ML: Machine learning; MSE: mean squared error; MAE: mean absolute error; R²: the coefficient of determination; MLR: multivariate linear regression; XGBoost: extreme gradient boosting; AdaBoost: adaptive boosting; RF: random forest; SVM: support vector machine.

The average difference between the R² value of the training set and testing set is the smallest for penetration, which is only 0.05. However, it is 0.09 for the softening point and it is 0.13 for the rotational viscosity, presenting a gradual decrease in the generalization ability of the model. The previous analysis of the input parameter characteristics shows that the rutting factor and rotational viscosity distributions are significantly right skewed, with only a small number of high value samples. This data imbalance is the main reason for the reduced generalization ability of the model. In addition, data imbalance has been identified as the primary cause of overfitting in XGBoost and RF algorithms, which is corroborated by previous research. It is recommended that subsequent studies employ mitigation strategies such as over-sampling, under-sampling, cost-sensitive and boosting algorithms to resolve data imbalance^[23,24].

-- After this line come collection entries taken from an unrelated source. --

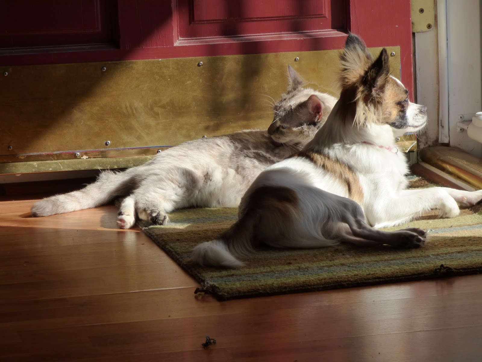 Here are our sweet pets! Lucy and Penny love laying in the sunshine when I open the front door on these cold days. We live in the south, so I know cold is very much relative!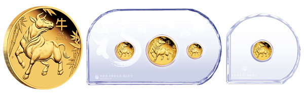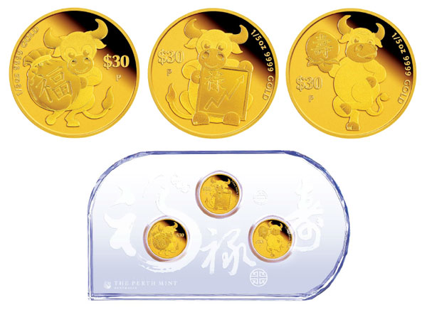 本套牛年福祿壽系列金幣全套3枚,包含「滿福金牛」、「聚財金牛」及「長壽金牛」各1枚,均為1/5英兩規格,各有吉慶的主題圖案設計,象徵祥瑞順旺的大好運勢。本套金幣全套售價80,980元,全球發行量2,000套。客戶亦可購買單枚1/5英兩「滿福金牛」金幣,每枚售價28,800元。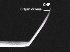A CNF probe, small fibril with a tip radius less than 10 nm, grows at the end of the triangular portion of bird-beak-like cantilever. CNF probe improves quality of AFM images.
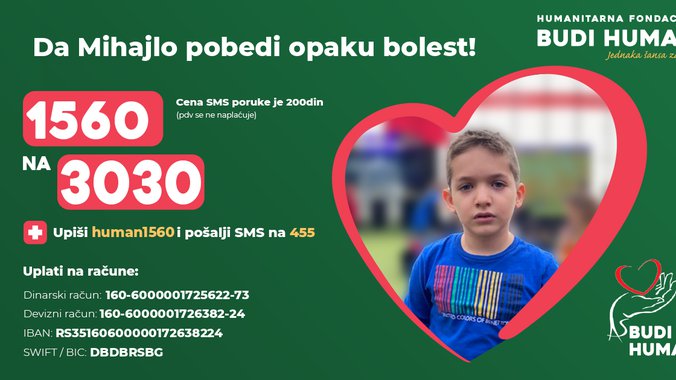 APELUJEMO NA SVE LJUDE DOBRE VOLJE DA U NAJKRAĆEM MOGUĆEM ROKU POKAŽU HUMANOST I POMOGNU MIHAJLU DA SE IZBORI SA OPAKOM BOLEŠĆU!

Overall, the AdaBoost model has the best training results and outperforms the other prediction models for the testing set. The MLR model and SVM model, on the other hand, perform more conservatively on the training set, but the results of the testing set are not much different from the training set, indicating their greater generalization ability. Finally, it should be noted that the purpose of our study was not to provide an accurate prediction model of asphalt properties but to explore and gain more insights into the implicit linkage between generic fractions and bulk properties of asphalt with ML.

Feature importance analysis

The properties of asphalt are not only dependent on or controlled by the proportion of each fraction but also by other factors, such as the structural characteristics of fractions. This can be reflected in the types and origins of asphalts to some extent. Therefore, the impact of such features, including asphalt types and origins, on the prediction accuracy of the model is analyzed and the importance of different factors in developing the predictive model based on SARA fractions is explored.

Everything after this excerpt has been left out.